━━━━━ Data records ━━━━━

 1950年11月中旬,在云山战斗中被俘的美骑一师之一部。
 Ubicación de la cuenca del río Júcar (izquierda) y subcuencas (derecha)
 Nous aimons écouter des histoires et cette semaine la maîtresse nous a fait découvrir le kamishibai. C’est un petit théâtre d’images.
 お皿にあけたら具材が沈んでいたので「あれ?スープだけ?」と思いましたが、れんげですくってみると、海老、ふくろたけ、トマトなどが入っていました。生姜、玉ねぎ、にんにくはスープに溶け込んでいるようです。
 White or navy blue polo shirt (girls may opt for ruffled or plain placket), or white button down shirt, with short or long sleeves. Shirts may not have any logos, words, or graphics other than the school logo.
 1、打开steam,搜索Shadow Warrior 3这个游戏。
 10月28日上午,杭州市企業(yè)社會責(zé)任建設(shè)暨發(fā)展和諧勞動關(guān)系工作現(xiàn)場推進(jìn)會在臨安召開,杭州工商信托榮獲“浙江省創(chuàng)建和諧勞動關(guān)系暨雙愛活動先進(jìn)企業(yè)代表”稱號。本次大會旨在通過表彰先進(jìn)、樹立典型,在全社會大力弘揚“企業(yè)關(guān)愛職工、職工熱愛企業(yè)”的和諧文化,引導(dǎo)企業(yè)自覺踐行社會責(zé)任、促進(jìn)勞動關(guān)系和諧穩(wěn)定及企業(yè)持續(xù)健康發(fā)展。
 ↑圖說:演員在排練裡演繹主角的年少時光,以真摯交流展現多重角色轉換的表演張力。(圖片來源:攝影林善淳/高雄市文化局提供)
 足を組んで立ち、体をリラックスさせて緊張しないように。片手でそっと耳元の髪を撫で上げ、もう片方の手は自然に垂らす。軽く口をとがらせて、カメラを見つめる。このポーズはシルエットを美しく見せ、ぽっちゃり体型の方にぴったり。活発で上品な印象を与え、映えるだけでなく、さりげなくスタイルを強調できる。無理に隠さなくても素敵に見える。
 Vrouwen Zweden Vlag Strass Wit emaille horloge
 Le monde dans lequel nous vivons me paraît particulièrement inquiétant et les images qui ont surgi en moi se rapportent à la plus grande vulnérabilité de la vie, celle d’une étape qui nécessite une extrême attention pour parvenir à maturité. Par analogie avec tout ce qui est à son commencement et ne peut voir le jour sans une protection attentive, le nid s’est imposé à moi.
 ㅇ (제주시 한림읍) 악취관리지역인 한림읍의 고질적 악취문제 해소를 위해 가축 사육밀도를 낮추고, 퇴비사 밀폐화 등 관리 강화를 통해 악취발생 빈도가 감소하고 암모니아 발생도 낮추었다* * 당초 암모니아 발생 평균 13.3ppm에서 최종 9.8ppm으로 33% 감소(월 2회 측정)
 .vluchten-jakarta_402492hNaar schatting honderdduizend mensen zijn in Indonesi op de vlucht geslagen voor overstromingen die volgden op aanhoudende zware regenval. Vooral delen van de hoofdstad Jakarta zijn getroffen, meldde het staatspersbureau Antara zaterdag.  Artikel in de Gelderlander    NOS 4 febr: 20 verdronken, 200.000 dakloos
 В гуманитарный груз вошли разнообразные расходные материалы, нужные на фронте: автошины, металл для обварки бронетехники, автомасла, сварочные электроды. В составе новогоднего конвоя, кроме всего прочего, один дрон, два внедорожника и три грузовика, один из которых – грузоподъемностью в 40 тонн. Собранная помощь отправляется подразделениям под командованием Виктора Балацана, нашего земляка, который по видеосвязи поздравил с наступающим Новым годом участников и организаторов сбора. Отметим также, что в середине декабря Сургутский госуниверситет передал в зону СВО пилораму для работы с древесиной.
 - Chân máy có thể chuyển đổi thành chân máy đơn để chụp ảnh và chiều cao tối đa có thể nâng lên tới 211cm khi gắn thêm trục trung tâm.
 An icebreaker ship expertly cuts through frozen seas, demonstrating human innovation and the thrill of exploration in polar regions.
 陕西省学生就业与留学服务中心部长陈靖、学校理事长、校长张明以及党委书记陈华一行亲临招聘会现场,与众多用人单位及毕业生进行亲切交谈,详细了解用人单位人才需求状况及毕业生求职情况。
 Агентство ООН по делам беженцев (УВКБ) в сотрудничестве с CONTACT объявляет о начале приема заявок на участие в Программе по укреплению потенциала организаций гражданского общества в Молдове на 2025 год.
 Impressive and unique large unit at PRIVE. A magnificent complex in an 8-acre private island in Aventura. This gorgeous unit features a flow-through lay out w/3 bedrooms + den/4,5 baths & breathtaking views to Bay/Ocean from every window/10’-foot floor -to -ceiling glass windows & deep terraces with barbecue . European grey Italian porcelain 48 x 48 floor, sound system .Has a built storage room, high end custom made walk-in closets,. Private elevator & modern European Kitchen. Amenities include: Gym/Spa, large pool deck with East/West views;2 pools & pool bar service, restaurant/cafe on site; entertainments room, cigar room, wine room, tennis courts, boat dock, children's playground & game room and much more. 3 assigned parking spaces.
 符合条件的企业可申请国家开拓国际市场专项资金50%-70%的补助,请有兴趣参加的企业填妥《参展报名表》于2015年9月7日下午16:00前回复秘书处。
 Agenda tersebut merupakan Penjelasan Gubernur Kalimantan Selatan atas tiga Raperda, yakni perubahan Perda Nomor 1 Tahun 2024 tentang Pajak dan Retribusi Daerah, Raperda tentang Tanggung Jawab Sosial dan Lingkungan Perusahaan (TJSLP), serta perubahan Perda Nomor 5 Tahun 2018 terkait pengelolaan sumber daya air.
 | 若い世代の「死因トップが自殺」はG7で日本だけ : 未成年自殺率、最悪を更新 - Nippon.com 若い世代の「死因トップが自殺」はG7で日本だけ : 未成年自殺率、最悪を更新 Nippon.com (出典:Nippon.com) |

━━━━━

• _Activity_
From the records above, give again exactly the lines running from the line with "White or navy" to the line with "verdronken, 200.000 dakloos", inclusive.

• _Response to the exercise_
 White or navy blue polo shirt (girls may opt for ruffled or plain placket), or white button down shirt, with short or long sleeves. Shirts may not have any logos, words, or graphics other than the school logo.
 1、打开steam,搜索Shadow Warrior 3这个游戏。
 10月28日上午,杭州市企業(yè)社會責(zé)任建設(shè)暨發(fā)展和諧勞動關(guān)系工作現(xiàn)場推進(jìn)會在臨安召開,杭州工商信托榮獲“浙江省創(chuàng)建和諧勞動關(guān)系暨雙愛活動先進(jìn)企業(yè)代表”稱號。本次大會旨在通過表彰先進(jìn)、樹立典型,在全社會大力弘揚“企業(yè)關(guān)愛職工、職工熱愛企業(yè)”的和諧文化,引導(dǎo)企業(yè)自覺踐行社會責(zé)任、促進(jìn)勞動關(guān)系和諧穩(wěn)定及企業(yè)持續(xù)健康發(fā)展。
 ↑圖說:演員在排練裡演繹主角的年少時光,以真摯交流展現多重角色轉換的表演張力。(圖片來源:攝影林善淳/高雄市文化局提供)
 足を組んで立ち、体をリラックスさせて緊張しないように。片手でそっと耳元の髪を撫で上げ、もう片方の手は自然に垂らす。軽く口をとがらせて、カメラを見つめる。このポーズはシルエットを美しく見せ、ぽっちゃり体型の方にぴったり。活発で上品な印象を与え、映えるだけでなく、さりげなくスタイルを強調できる。無理に隠さなくても素敵に見える。
 Vrouwen Zweden Vlag Strass Wit emaille horloge
 Le monde dans lequel nous vivons me paraît particulièrement inquiétant et les images qui ont surgi en moi se rapportent à la plus grande vulnérabilité de la vie, celle d’une étape qui nécessite une extrême attention pour parvenir à maturité. Par analogie avec tout ce qui est à son commencement et ne peut voir le jour sans une protection attentive, le nid s’est imposé à moi.
 ㅇ (제주시 한림읍) 악취관리지역인 한림읍의 고질적 악취문제 해소를 위해 가축 사육밀도를 낮추고, 퇴비사 밀폐화 등 관리 강화를 통해 악취발생 빈도가 감소하고 암모니아 발생도 낮추었다* * 당초 암모니아 발생 평균 13.3ppm에서 최종 9.8ppm으로 33% 감소(월 2회 측정)
 .vluchten-jakarta_402492hNaar schatting honderdduizend mensen zijn in Indonesi op de vlucht geslagen voor overstromingen die volgden op aanhoudende zware regenval. Vooral delen van de hoofdstad Jakarta zijn getroffen, meldde het staatspersbureau Antara zaterdag.  Artikel in de Gelderlander    NOS 4 febr: 20 verdronken, 200.000 dakloos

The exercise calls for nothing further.